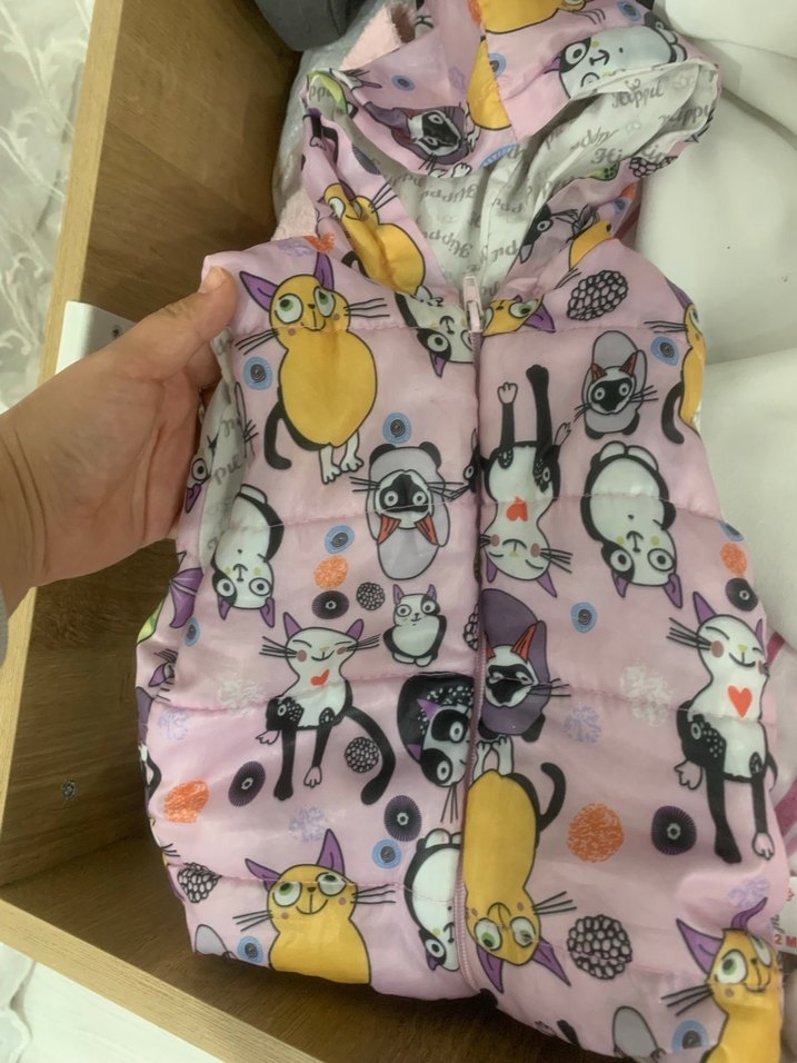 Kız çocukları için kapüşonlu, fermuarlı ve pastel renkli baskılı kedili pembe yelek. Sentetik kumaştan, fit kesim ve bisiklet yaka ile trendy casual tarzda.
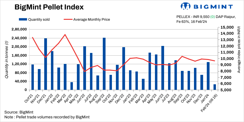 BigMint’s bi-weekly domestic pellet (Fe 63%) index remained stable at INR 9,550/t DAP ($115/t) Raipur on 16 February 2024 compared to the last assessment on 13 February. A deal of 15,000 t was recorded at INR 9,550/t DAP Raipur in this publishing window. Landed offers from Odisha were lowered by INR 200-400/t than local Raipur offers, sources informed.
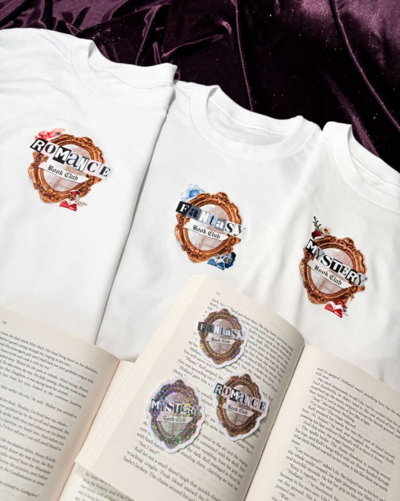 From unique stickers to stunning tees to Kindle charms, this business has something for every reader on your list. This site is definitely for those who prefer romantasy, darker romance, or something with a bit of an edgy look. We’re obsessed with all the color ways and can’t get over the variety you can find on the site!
_ _ _ _
> What the exercise asks: Please return the lines above exactly, with the pictures omitted.

> Response to this exercise:
 Kız çocukları için kapüşonlu, fermuarlı ve pastel renkli baskılı kedili pembe yelek. Sentetik kumaştan, fit kesim ve bisiklet yaka ile trendy casual tarzda.
 BigMint’s bi-weekly domestic pellet (Fe 63%) index remained stable at INR 9,550/t DAP ($115/t) Raipur on 16 February 2024 compared to the last assessment on 13 February. A deal of 15,000 t was recorded at INR 9,550/t DAP Raipur in this publishing window. Landed offers from Odisha were lowered by INR 200-400/t than local Raipur offers, sources informed.
 From unique stickers to stunning tees to Kindle charms, this business has something for every reader on your list. This site is definitely for those who prefer romantasy, darker romance, or something with a bit of an edgy look. We’re obsessed with all the color ways and can’t get over the variety you can find on the site!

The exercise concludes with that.